Personal information
- Full name: Jerome Joshua Federico
- Date of birth: 14 May 1992 (age 34)
- Place of birth: Watford, England
- Position: Right wing

Youth career
- Wycombe Wanderers

Senior career*
- Years: Team / Apps / (Gls)
- 2009–2011: Wycombe Wanderers / 1 / (0)
- 2009–2010: → Burnham (loan) / 2 / (0)
- 2010: → Woking (loan) / 4 / (0)
- 2011: → Wealdstone (loan) / 5 / (0)
- 2011: → Maidenhead United (loan) / 3 / (0)
- 2011: Hayes & Yeading United / 1 / (0)
- 2011–2013: Hendon / 30 / (0)
- 2013: → Northwood (loan) / 15 / (2)
- 2013: Aylesbury / 10 / (0)
- 2013: Dunstable Town / 4 / (0)
- 2013–2014: Northwood / 18 / (3)
- 2014–2017: Hampton & Richmond Borough / 77 / (7)
- 2016: → Metropolitan Police (dual registration) / 12 / (0)
- 2016: → Hendon (dual registration) / 9 / (0)
- 2017: → Leatherhead (dual registration) / 9 / (2)
- 2017: Kingstonian / 4 / (0)
- 2017–2021: Cray Wanderers / 73 / (6)
- 2021–: Hanworth Villa

= Jerome Federico =

English footballer (born 1992)

Jerome Joshua Federico (born 14 May 1992) is an English footballer who plays for Hanworth Villa.
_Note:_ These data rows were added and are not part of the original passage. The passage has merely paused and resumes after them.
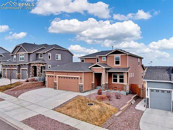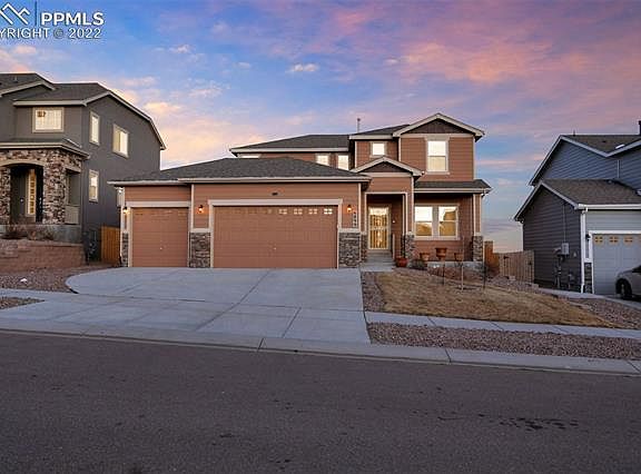 Beautiful Redondo floor plan is now available in the highly desired neighborhood of Dublin North! * Dont miss out on this spacious 5-bedroom, one owner home with central air! * Covered front porch with security door entry * Backs to trail! * Finished 3-car garage with two overhead openers & storage unit * Mud area bench by garage entry provides a great drop zone * Abundant hardwood flooring throughout most of the main level * Gorgeous gourmet kitchen features true double ovens, range top, granite counter tops, 42 cabinets, large island with sink, never used dishwasher, pantry, and a butlers pantry that leads to the formal dining room * Bright nook provides a walk-out to the back deck with an overhead retractable awning and retractable privacy screen.* The Great room features a gas fireplace * Separate and spacious main level laundry room with storage closet * Main level master bedroom with adjoining 5-piece bath with medicine cabinets, dual sink vanity, and granite counter * The upper level is comprised of a large loft area/second family room - with recessed lighting and a ceiling fan, three additional bedrooms all with ceiling fans, and an office with French doors * The finished walk-out basement offers an expansive bonus rec room, additional bedroom with adjoining bath, and a large storage area * The fully fenced and landscaped backyard is low-maintenance with a wood deck, large concrete patio, raised garden beds, and flagstone * Additional features include plentiful storage, a sprinkler system (front yard only) and drip system for plants and bushes in front and backyard, linen closet, ceiling fans in all bedrooms, upgraded baths with large showers, humidifier, walk-in closets, iron spindles, a gazebo/pergola, and solar motion lights. Enjoy easy access to D49 schools, shopping, dining, recreation, St. Francis Medical Center, and Peterson AFB.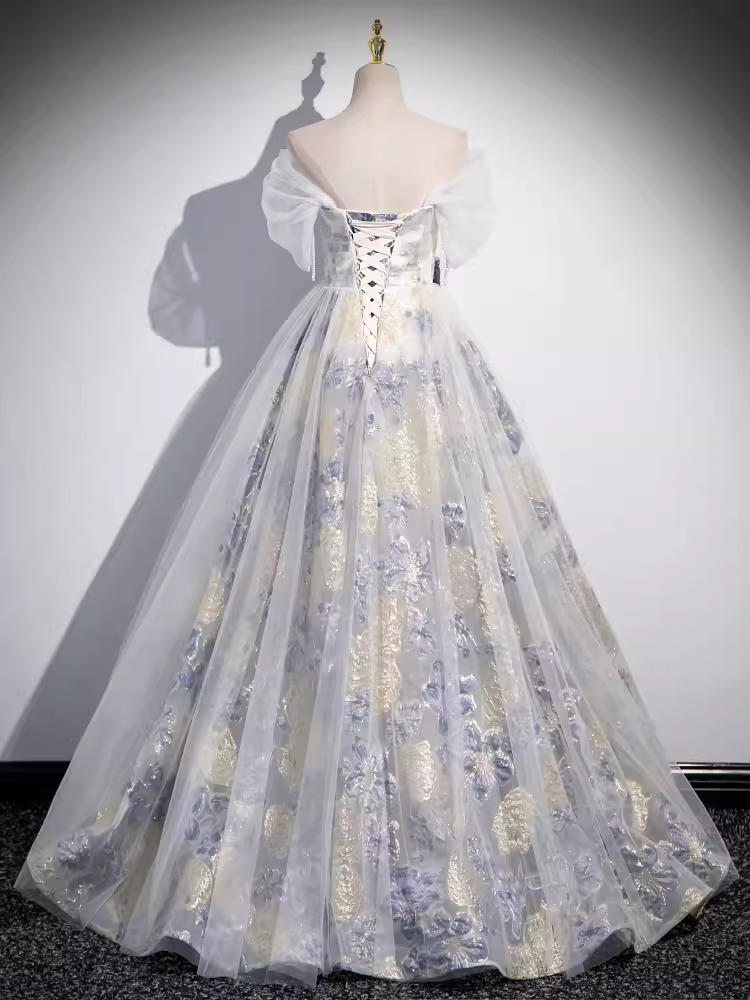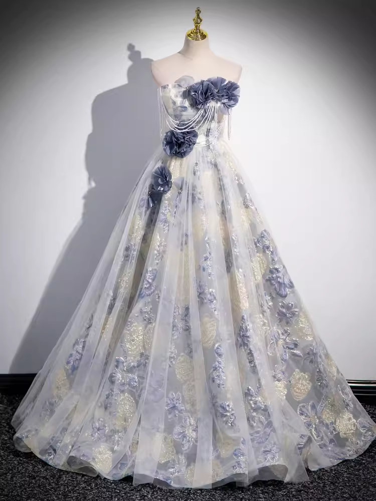 Beautiful A line Strapless Floral Blue Long Prom Dress HZ1024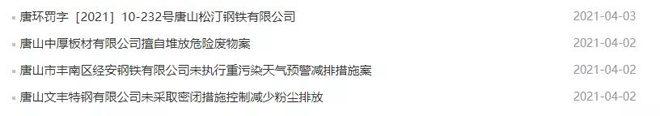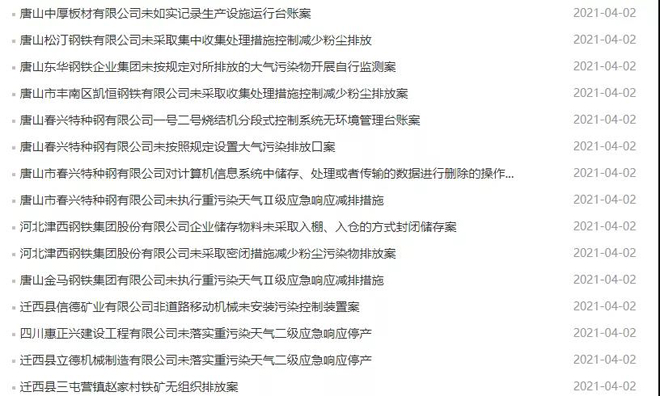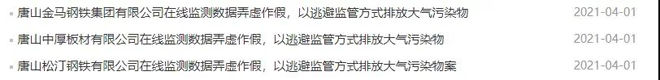 其中唐山中厚板有限公司共計收到罰單11張,處罰金額累計587萬元;唐山金馬鋼鐵集團有限公司、唐山中厚板材有限公司、唐山松汀鋼鐵有限公司等企業因在線監測造假被吊銷排污許可證、責令停業。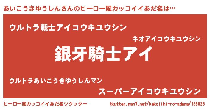 | ポケモン風あだ名 | 『ヒアイコウキユウシン』『アイセウス』 |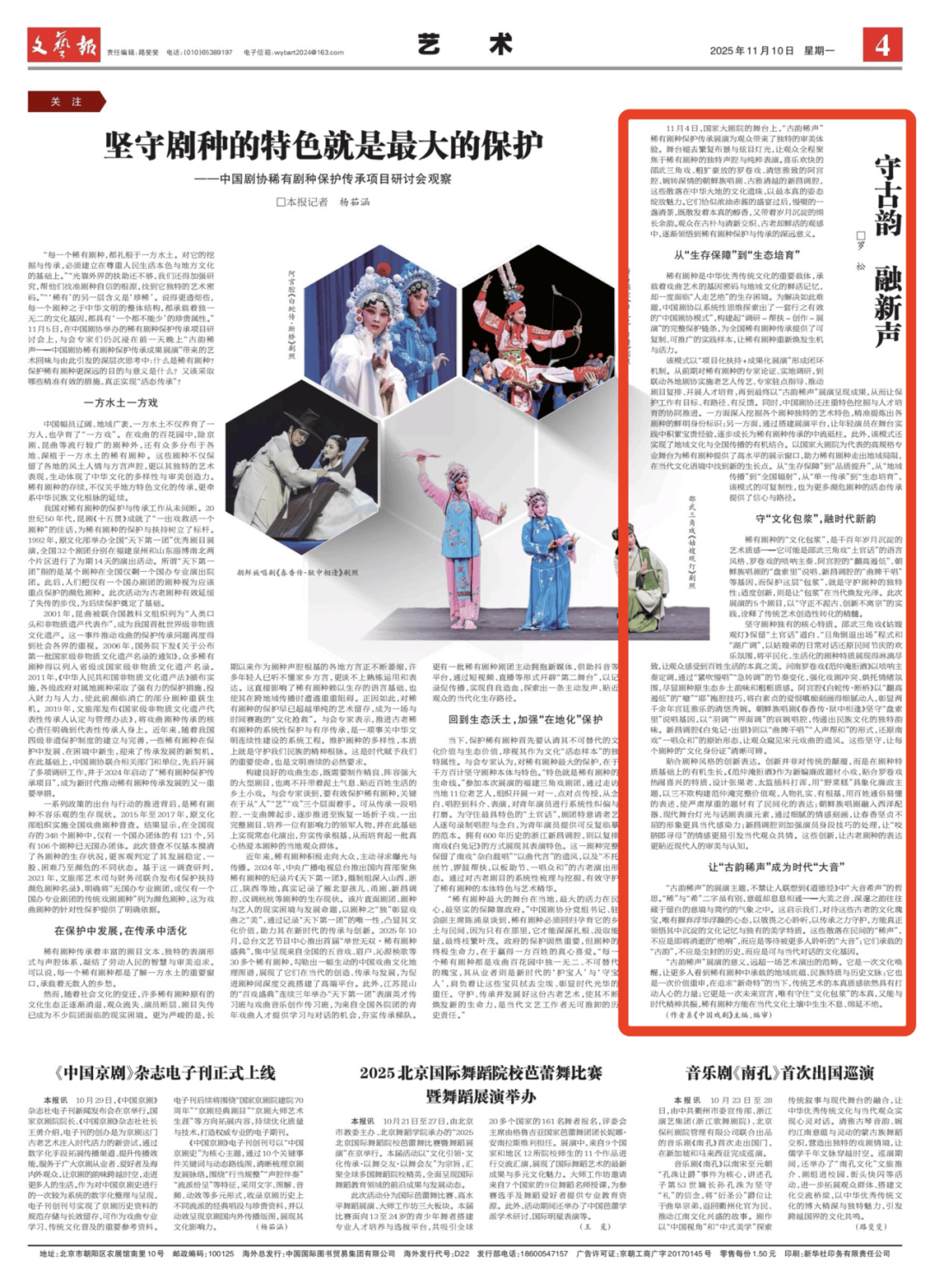 11月21日,《环球时报》,英文版,封底第16版全版面刊文《以三角戏为例探索稀有剧种保护新路径 》,宣传报道中国剧协稀有剧种(邵武三角戏)保护传承工作。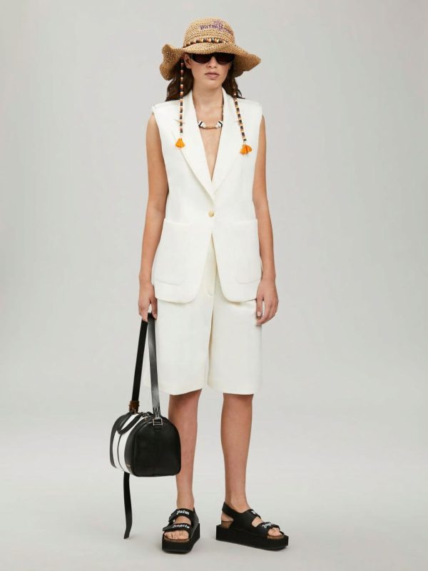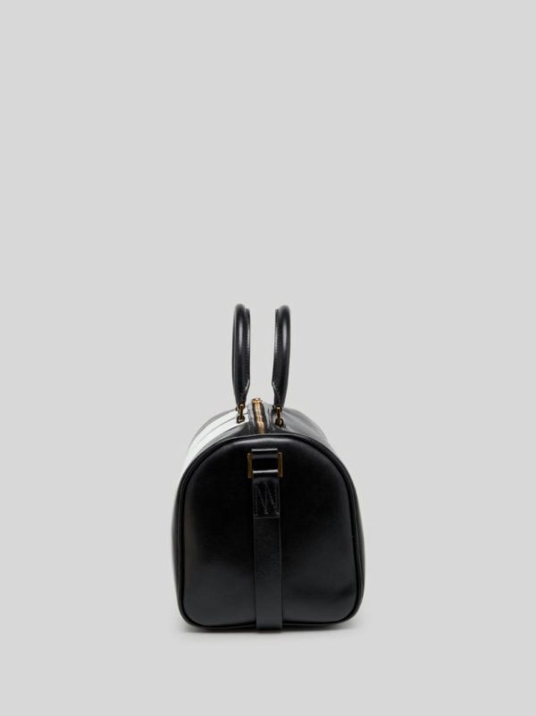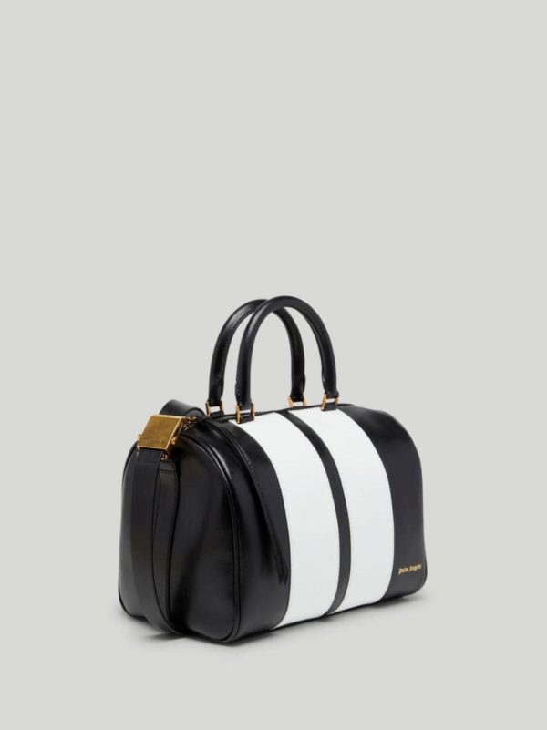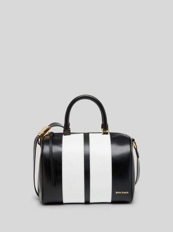 TRACK TRUNK BAG IN BLACK LEATHER. WHITE STRIPE DETAIL. “PALM ANGELS” LOGO PRINTED IN GOLD AT FRONT. BLACK LEATHER SHOULDER.

Prior to this he had spells with Burnham, Woking, Wealdstone, Maidenhead United, Hayes & Yeading United, Hendon, Aylesbury, Dunstable Town, Northwood and Wycombe Wanderers where he began his career.

==Career==
A youth team player who, after impressing at county level, was offered terms by Norwich City choosing instead to sign for Wycombe Wanderers, Federico made his Wycombe debut on 28 September 2010, coming on as a 94th-minute substitute for Ben Strevens in Wycombe's 4–2 victory against Barnet.

Federico signed for Conference South side Woking on loan on 2 November 2010 on a one-month deal, followed by similar one-month loan deals at Wealdstone, signed on 28 January 2011, and Maidenhead United, signed on 3 March 2011. At the end of the 2010–11 season, Federico was released by Wycombe.

In July 2011, Federico was on trial at League One side Stevenage, coming on as a 60th-minute substitute in Stevenage's 1–0 win at Hitchin Town.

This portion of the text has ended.